Such a laminate 30 is a laminate produced in a process based on fan-out technology in which the terminals provided on the substrate 4 are mounted on the rewiring layer 6 extending outside the chip area.

In the method of manufacturing the laminate of the present embodiment, bumps can be formed on the rewiring layer 6 or elements can be mounted. Elements can be mounted on the rewiring layer 6 by using, for example, a chip mounter.

(Method for manufacturing electronic component)
A method for manufacturing an electronic component according to a fifth aspect of the present invention includes a separation step and a removal step after obtaining a laminate by the method for manufacturing a laminate according to the fourth aspect.

FIG. 5 is a schematic process diagram illustrating an embodiment of a method for manufacturing a semiconductor package (electronic component). FIG. 5(a) is a diagram showing a laminate manufactured by the manufacturing method of the third embodiment, FIG. 5(b) is a diagram for explaining the separation step, and FIG. 5(c) is a diagram for removing It is a figure explaining a process.

[Separation process]
The separation step in the embodiment is a step of separating the support substrate 1 from the laminate 30 by irradiating the separation layer 2 with light (arrow) through the support substrate 1 to change the properties of the separation layer 2 .

As shown in FIG. 5A, in the separation step, the separation layer 2 is denatured by irradiating the separation layer 2 with light (arrow) through the supporting base 1 .
Wavelengths capable of altering the properties of the separation layer 2 include, for example, a range of 600 nm or less.
The type and wavelength of the light to be irradiated may be appropriately selected according to the transparency of the support substrate 1 and the material of the separation layer 2. Examples include YAG laser, ruby laser, glass laser, YVO ₄ laser, LD laser, and fiber. Solid-state lasers such as lasers, liquid lasers such as dye lasers, gas lasers such as _CO2 lasers, excimer lasers, Ar lasers and He--Ne lasers, laser beams such as semiconductor lasers and free electron lasers, and non-laser beams can be used. can. As a result, the separation layer 2 is changed in quality so that the support base 1 and the substrate 4 can be easily separated.

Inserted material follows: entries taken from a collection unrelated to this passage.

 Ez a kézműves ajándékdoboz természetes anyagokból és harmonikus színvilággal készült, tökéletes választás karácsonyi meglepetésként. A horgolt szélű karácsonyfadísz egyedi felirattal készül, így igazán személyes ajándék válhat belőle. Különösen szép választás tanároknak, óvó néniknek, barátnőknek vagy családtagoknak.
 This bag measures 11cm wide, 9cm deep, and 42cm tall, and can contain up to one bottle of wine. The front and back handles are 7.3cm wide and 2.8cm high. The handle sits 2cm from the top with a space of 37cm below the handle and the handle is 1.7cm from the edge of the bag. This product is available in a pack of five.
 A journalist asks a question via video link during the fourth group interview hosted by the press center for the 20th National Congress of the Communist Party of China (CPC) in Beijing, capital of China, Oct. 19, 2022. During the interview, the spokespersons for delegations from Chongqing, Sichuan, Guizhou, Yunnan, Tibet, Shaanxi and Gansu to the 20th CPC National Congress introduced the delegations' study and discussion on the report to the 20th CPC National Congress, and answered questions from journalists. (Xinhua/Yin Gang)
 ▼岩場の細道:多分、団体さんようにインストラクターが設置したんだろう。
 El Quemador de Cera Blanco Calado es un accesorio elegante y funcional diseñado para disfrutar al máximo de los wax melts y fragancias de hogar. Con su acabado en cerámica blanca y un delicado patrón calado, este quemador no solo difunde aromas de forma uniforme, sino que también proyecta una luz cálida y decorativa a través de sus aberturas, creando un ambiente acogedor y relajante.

When irradiating a laser beam, the following conditions can be mentioned as an example of laser beam irradiation conditions.
The average output value of the laser light is preferably 1.0 W or more and 5.0 W or less, more preferably 3.0 W or more and 4.0 W or less. The repetition frequency of the laser light is preferably 20 kHz or more and 60 kHz or less, more preferably 30 kHz or more and 50 kHz or less. The scanning speed of the laser light is preferably 100 mm/s or more and 10000 mm/s or less.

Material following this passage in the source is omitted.